1) Racing tires (tyres?) are not only mechanically stuck on the track, but
chemically, as well. Those little clumps that Indycars leave all
over Lakeshore Blvd. are REALLY STICKY, like chewing gum. Friction is
never independent of mass (or more properly, weight). Slide a book across
a table. Now have Murray Walker sit on it. Which is harder to move??
2) Friction's force is a product of a friction coefficient, cleverly called
'the coefficient of friction', and has two values, static and kinetic.
static is higher, always, and is effective whenever an object is at rest
and a force is trying to move it. Since the velocity of a tire is zero
(at the bottom of the tire, where it touches the ground- else it would
spin, like a burnout), static applies. Since kinetic is less, a spinning
tire is easier to keep spinning than it is to start the thing spinning.
That out of the way, friction is governed by the equation F=uN.
F is frictional force, u is the coefficient (called 'mu') and N is the
normal force (force perpendicular to the plane of motion). Note that
both F and N are vectors, and F is parallel to the plane of motion.
In this case, N is the WEIGHT (not mass) of the object, let's
call it 1/4 of the car's weight for simplicity. Now, 1/4 of the weight will
give F=u*(mass of car/4)*g, where g is gravity. If mass is increased, say
due to Prost having a nosejob OR running with a full fuel load, than the
normal force will be larger by 1/4 of the larger amount, and thus higher
friction will result. Thus (whew!) friction is NEVER independent of weight
(assuming fixed 'g', it's mass dependent also) SO.... the heavier car has
better grip through corners, all other things being equal. It might have a
greater tendency to slide off, even with more frictional adhesion. This
is covered in Chapter 2, Inertia and the Chicane.
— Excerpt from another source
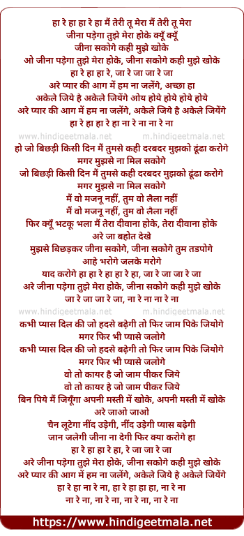 Lyrics of Jeena Padega Tumhe Mera Hoke - जीना पड़ेगा तुम्हे मेरा होके

3) Using your a=F/m arguement as it applies to friction...here goes...
a=F/m F=uN
a=uN/m (replace F with uN, as the friction eqn. allows)
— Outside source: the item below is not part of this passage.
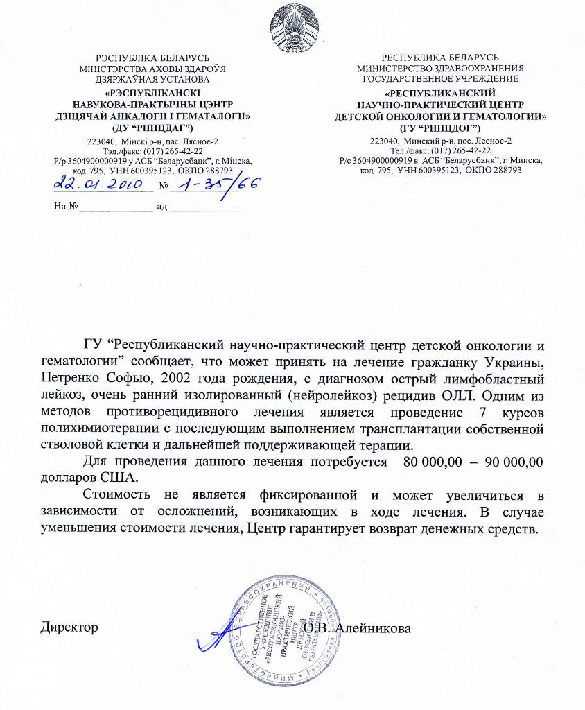 Белорусский научно-практический центр детской онкологии и гематологии - как раз такая клиника, процент выживаемости после лечения лейкозов в данной больнице достаточно высок. Мама Сонечки созвонилась с центром - свободные места есть, клиника готова принять ребенка прямо сейчас. Если бы не одно НО: как для гражданина другого государства лечение для украинского ребенка в зарубежной клинике осуществляется не бесплатно и составляет несколько десятков тысяч долларов:

a=umg/m (replace normal force (N) with m*g, the weight)
a=g (acceleration in this case is gravity)
g=umg/m
1=u (you have now proven that all friction coeff's are =1)!
Obviously incorrect, as I once found out on a dynamics exam.
4) The friction caused by the tires is the maximum limit of force that they
can exert on the track. This is (hopefully) never exceeded (are you
listening, Gerhard?!??), since the tires spin if it is. As far as a heavier
car accelerating slower- the force the car can impart to the track is more or
less constant during a race- so F=ma here, but in a different direction
(accelerating forward) and with the force constant, and a higher
mass (fuel, or maybe Nigel's donut) the acceleration will drop. There
are more issues involving kinetic energy and inertia, but I'll leave that
for another physics student....
Sigh. Time for coffee.
Jeff